_About this task_:
The required answer is an exact copy of the lines from the one containing "grandeur, seasonal, ambience" to the end of the listing, both included, without any pictures.
++++ Supplied material
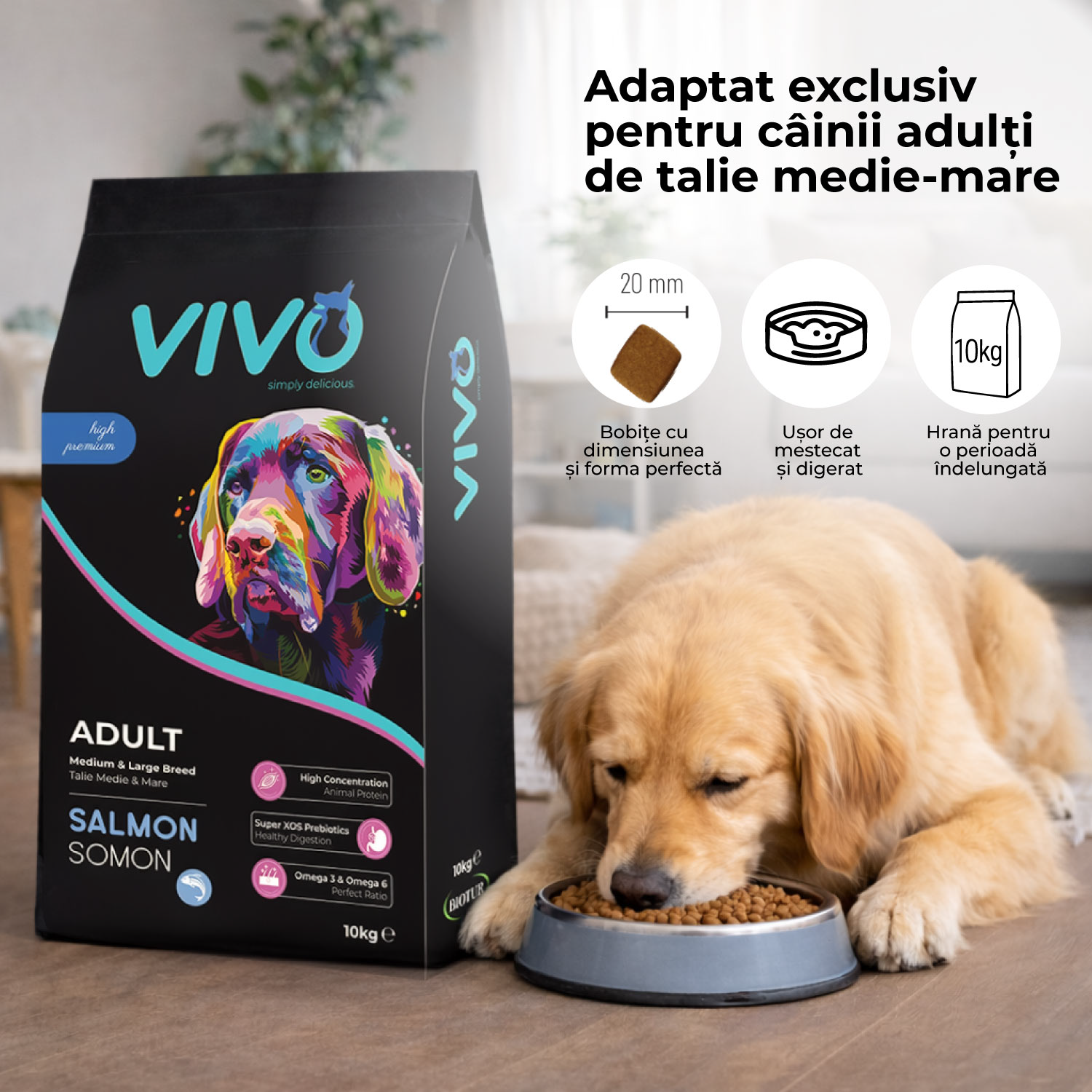 VIVO hrană cu somon pentru câini adulți talie medie și mare este potrivită pentru toate rasele de câini maturi din aceste categorii și poate fi utilizată zilnic ca parte a unei diete complete și echilibrate.
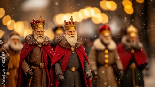 elderly, caucasian, king, regal, parade, snow, winter, crown, royalty, fur, beard, festive, celebration, tradition, historical, mediaeval, group, man, costume, elder, procession, majestic, aristocracy, nobility, christmas, light, holiday, december, snowfall, street, event, cultural, gathering, heritage, nostalgia, timeless, elegance, grandeur, seasonal, ambience
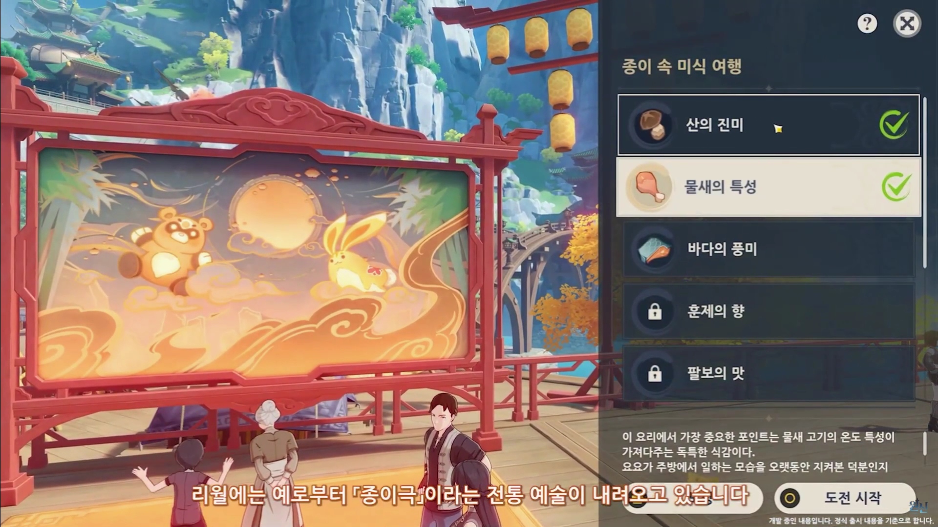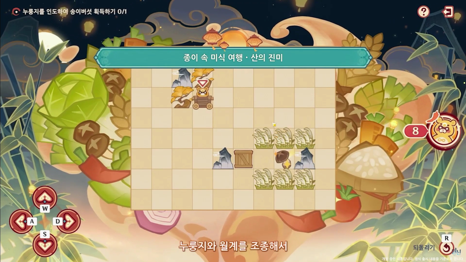 - 누룽지와 월계를 조종해 요리 재료 모으기
++++++++
_Task solution_:
 elderly, caucasian, king, regal, parade, snow, winter, crown, royalty, fur, beard, festive, celebration, tradition, historical, mediaeval, group, man, costume, elder, procession, majestic, aristocracy, nobility, christmas, light, holiday, december, snowfall, street, event, cultural, gathering, heritage, nostalgia, timeless, elegance, grandeur, seasonal, ambience
 - 누룽지와 월계를 조종해 요리 재료 모으기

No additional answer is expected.